The main argument for separate SME accounting standards is the undue cost burden of reporting, which is proportionately heavier for smaller firms. The cost burden of applying the full set of IFRSs may not be justified on the basis of user needs. Further, much of the current reporting framework is based on the needs of large business, so SMEs perceive that the full statutory financial statements are less relevant to the users of SME accounts. SMEs also use financial statements for a narrower range of decisions, as they have less complex transactions and therefore less need for a sophisticated analysis of financial statements. Thus, the disclosure requirements in the IFRS for SMEs are also substantially reduced when compared with those in full IFRSs partly because they are not considered appropriate for users’ needs and for costbenefit considerations. Many disclosures in full IFRSs are more relevant to investment decisions in capital markets than to the transactions undertaken by SMEs.

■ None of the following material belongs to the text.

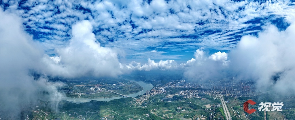 云雾缭绕的蓬安县,从空中俯瞰,宛如一幅纯美的山水画卷。
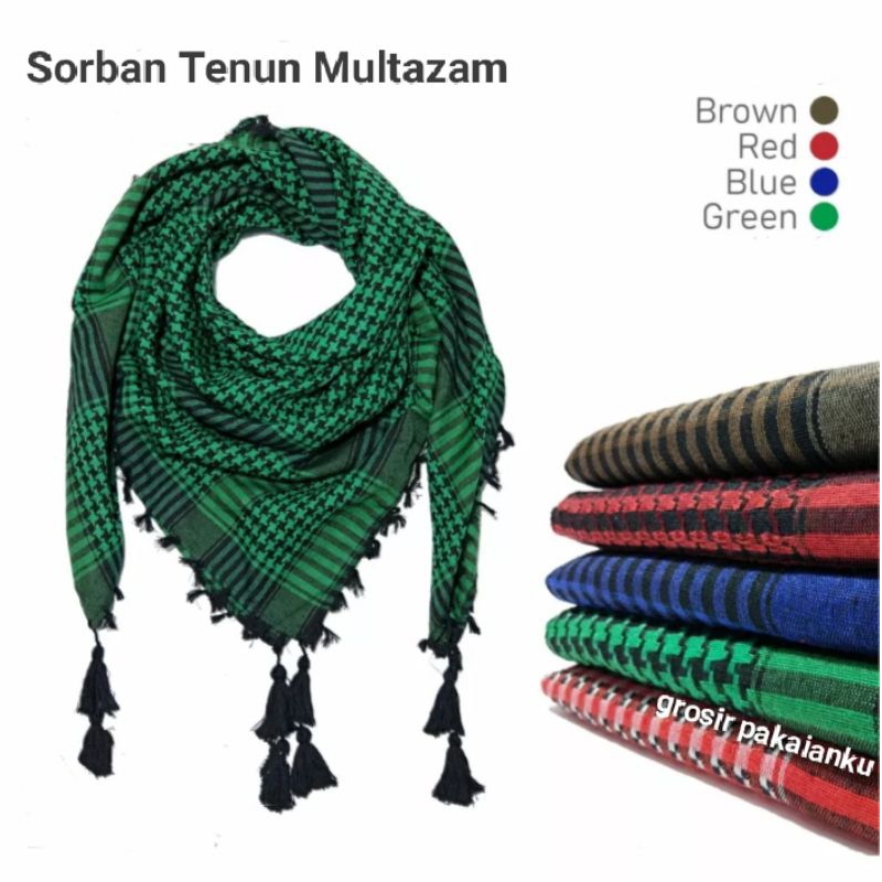 Sorban Multazam, Sorban tenun songket, Sorban tenun tebal, Sorban Murah Berkualitas, Sorban Palestina, Sorban Haji, Sorban Arab rumbai premium, Sorban hijau, Sorban Panjang, Sorban hitam, Sorban Habib, oleh2 haji dan umroh

There are arguments against different reporting requirements for SMEs in that it may lead to a two-tier system of reporting. Entities should not be subject to different rules, which could give rise to different ‘true and fair views’.

The IFRS for SMEs is a self-contained set of accounting principles that are based on full IFRSs, but that have been simplified so that they are suitable for SMEs. The standard has been organised by topic with the intention that the standard would be user-friendly for preparers and users of SME financial statements.

The IFRS for SMEs and full IFRSs are separate and distinct frameworks. Entities that are eligible to apply the IFRS for SMEs, and that choose to do so, must apply that standard in full and cannot chose the most suitable accounting policy from full IFRS or IFRS for SMEs.

However, the standard for SMEs is naturally a modified version of the full standard, and not an independently developed set of standards. They are based on recognised concepts and pervasive principles and they will allow easier transition to full IFRS if the SME decides to become a public listed entity. In deciding on the modifications to make to IFRS, the needs of the users have been taken into account, as well as the costs and other burdens imposed upon SMEs by the IFRS. Relaxation of some of the measurement and recognition criteria in IFRS had to be made in order to achieve the reduction in these costs and burdens. Some disclosure requirements are intended to meet the needs of listed entities, or to assist users in making forecasts of the future. Users of financial statements of SMEs often do not make such kinds of forecasts. Small companies pursue different strategies, and their goals are more likely to be survival and stability rather than growth and profit maximisation.

The stewardship function is often absent in small companies, with the accounts playing an agency role between the owner-manager and the bank.

Where financial statements are prepared using the standard, the basis of presentation note and the auditor’s report will refer to compliance with the IFRS for SMEs. This reference may improve access to capital. The standard also contains simplified language and explanations of the standards.

In the absence of specific guidance on a particular subject. An SME may, but is not required to, consider the requirements and guidance in full IFRSs dealing with similar issues. The IASB has produced full implementation guidance for SMEs.

The IFRS for SMEs is a response to international demand from developed and emerging economies for a rigorous and common set of accounting standards for smaller and medium-sized businesses that is much simpler than full IFRSs. The IFRS for SMEs should provide improved comparability for users of accounts while enhancing the overall confidence in the accounts of SMEs, and reducing the significant costs involved of maintaining standards on a national basis.